[AVAILABLE DATA]

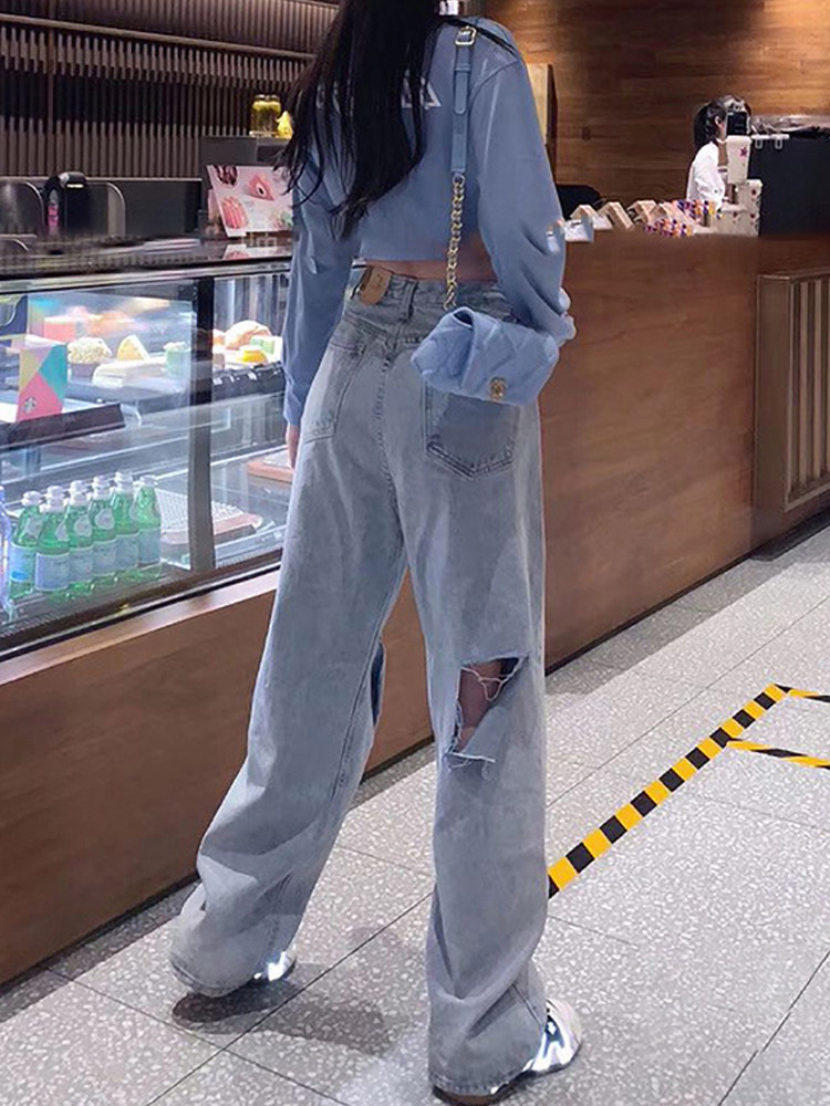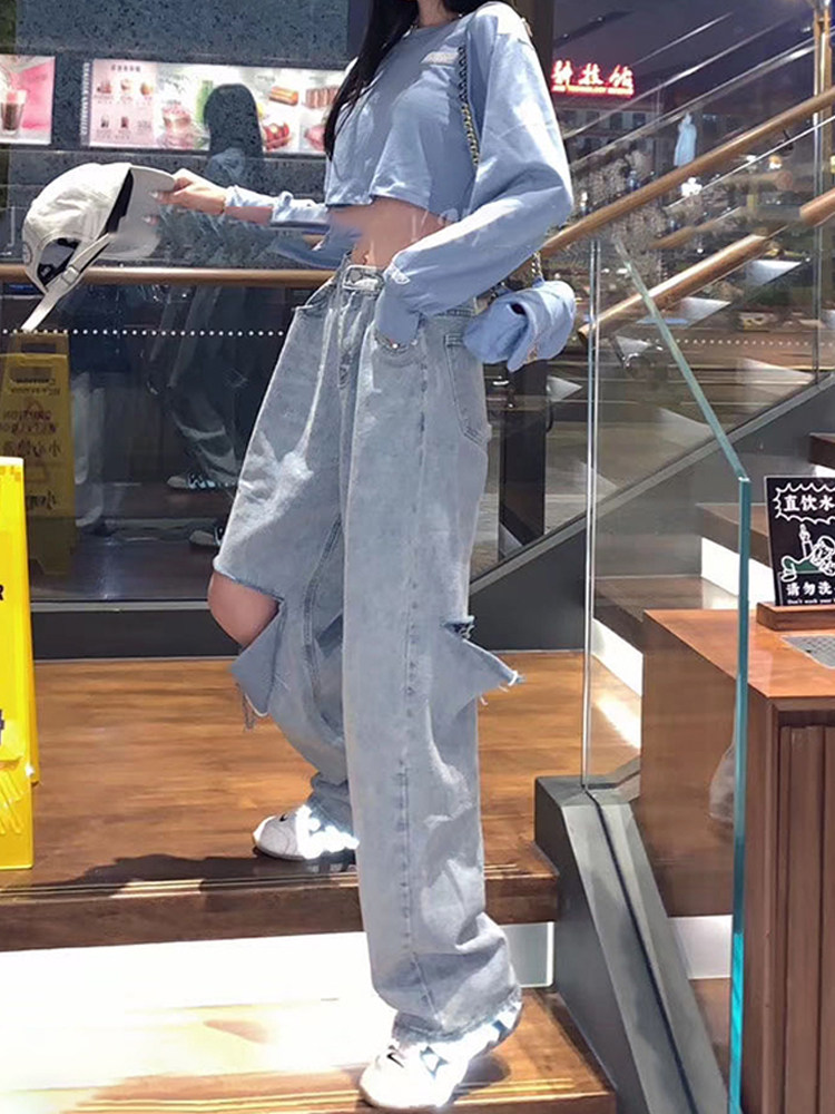 Large size women's pants Fat sister mm high waist display slim width leg pants loose Hole Pants Woman Hot girl Jeans Big Hole Exaggeration
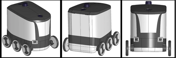 【左】全長730mm、全福569mm、高さ703mmのコンパクトな車体、【中央】背面からの図/今後牽引などが行えるように改良予定、【右】正面からの図/車体最上部にLiDARを設置
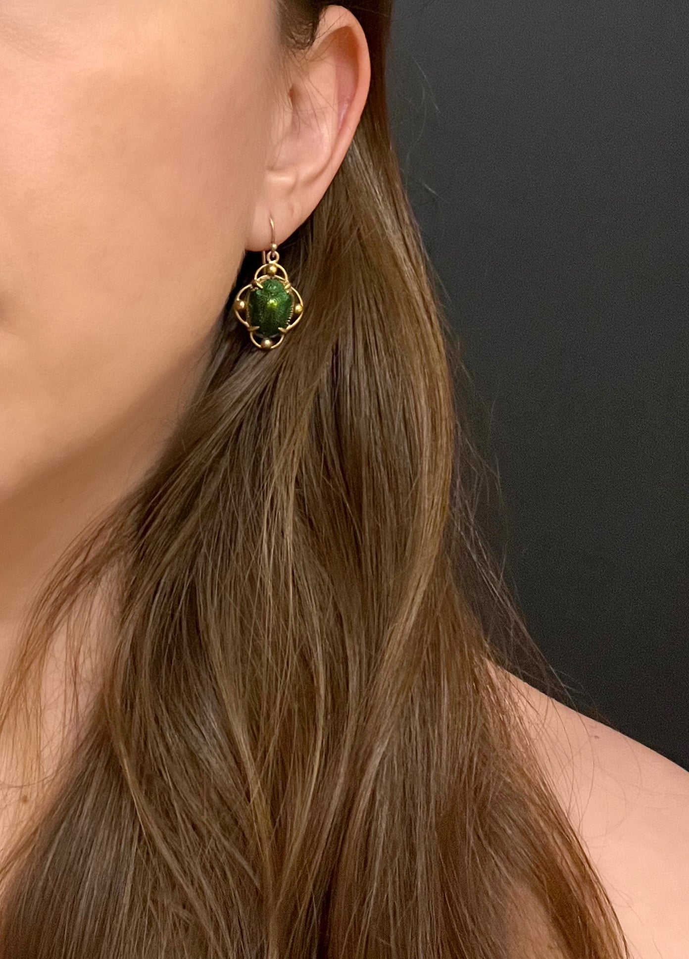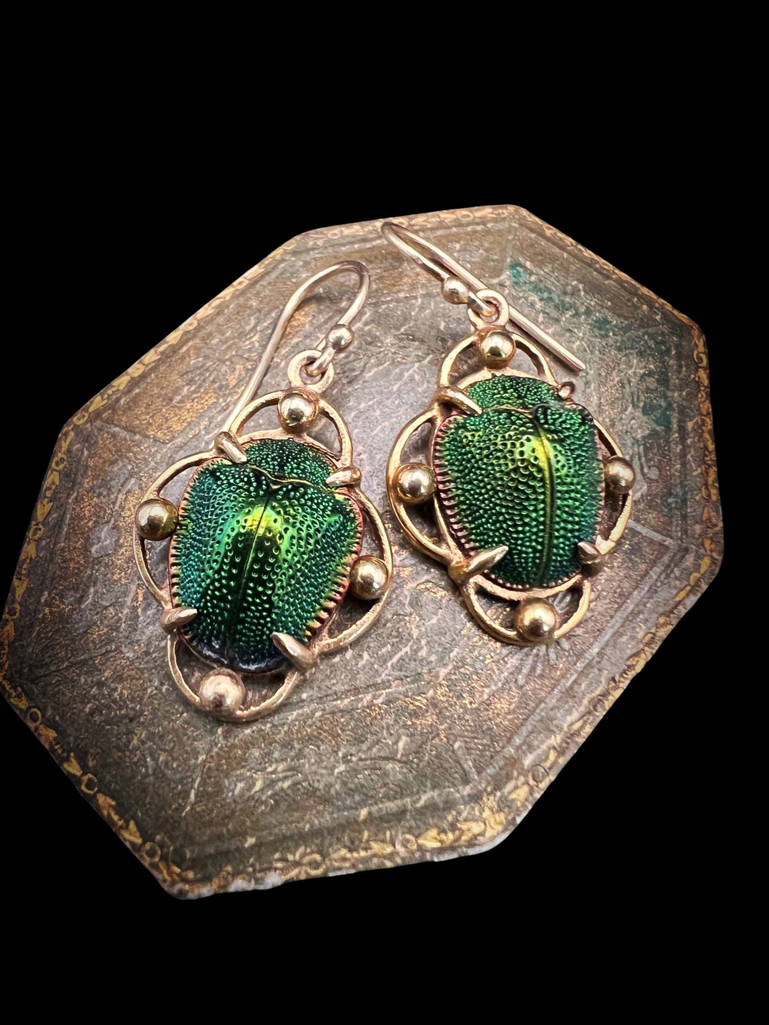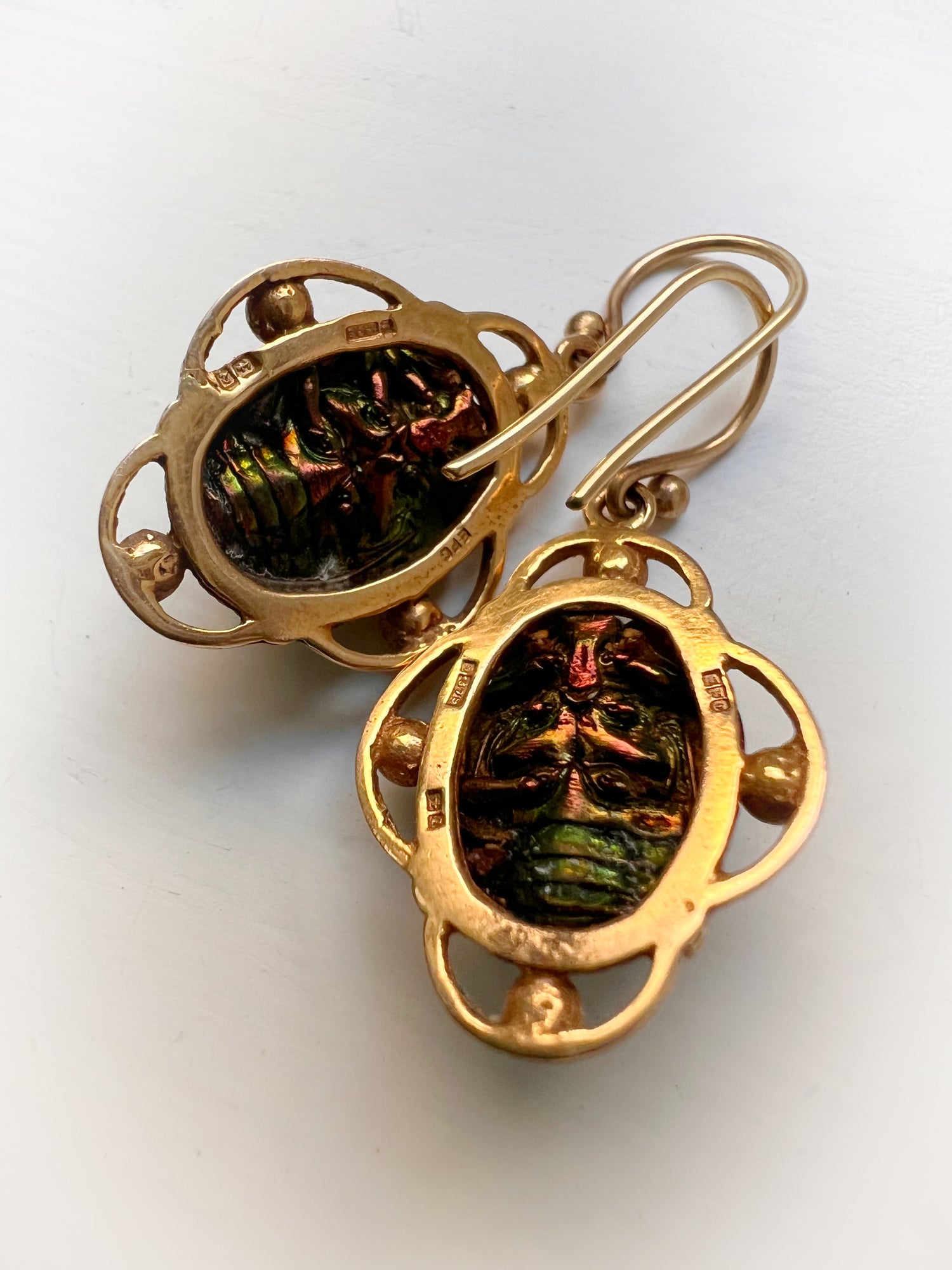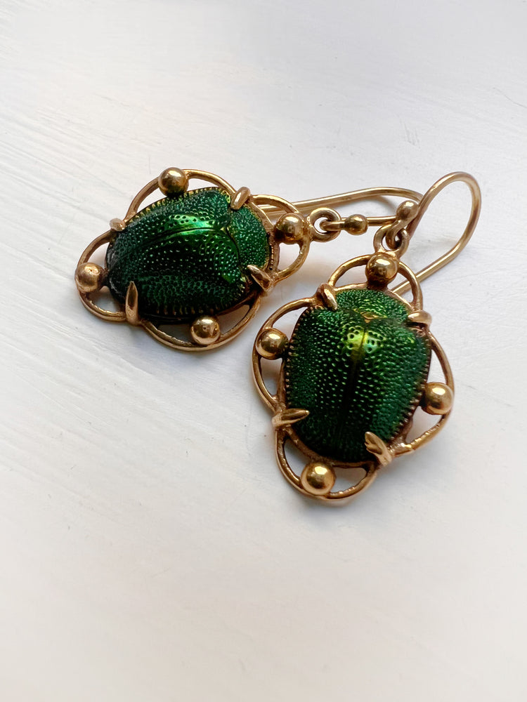 The earrings are made of two perfectly preserved Victorian scarab beetles, which have been set at a later date in 9ct gold fancy mounts.
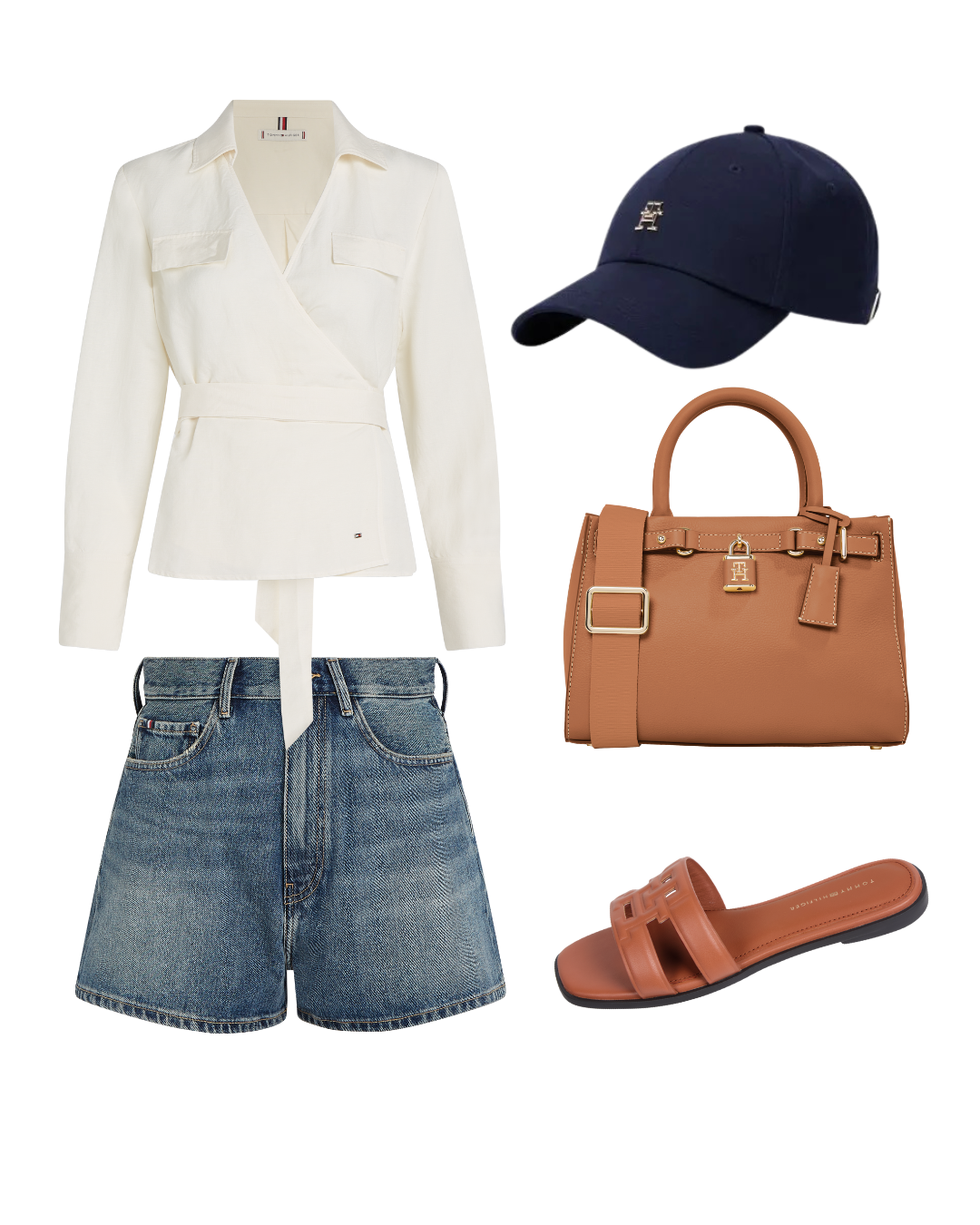 Структурирана риза тип прегърни ме с яка и изразени рамене + елегантна дамска чанта, комбинирани с по-ежедневни елементи като класически дънкови шорти, чехли и шапка с козирка. Резултатът: актуална model-off-duty визия.

[/AVAILABLE DATA]

- _EXERCISE BRIEF_
Exact transcription of the full listing above is required; images do not belong in it.

- _ANSWER SPACE_
 Large size women's pants Fat sister mm high waist display slim width leg pants loose Hole Pants Woman Hot girl Jeans Big Hole Exaggeration
 【左】全長730mm、全福569mm、高さ703mmのコンパクトな車体、【中央】背面からの図/今後牽引などが行えるように改良予定、【右】正面からの図/車体最上部にLiDARを設置
 The earrings are made of two perfectly preserved Victorian scarab beetles, which have been set at a later date in 9ct gold fancy mounts.
 Структурирана риза тип прегърни ме с яка и изразени рамене + елегантна дамска чанта, комбинирани с по-ежедневни елементи като класически дънкови шорти, чехли и шапка с козирка. Резултатът: актуална model-off-duty визия.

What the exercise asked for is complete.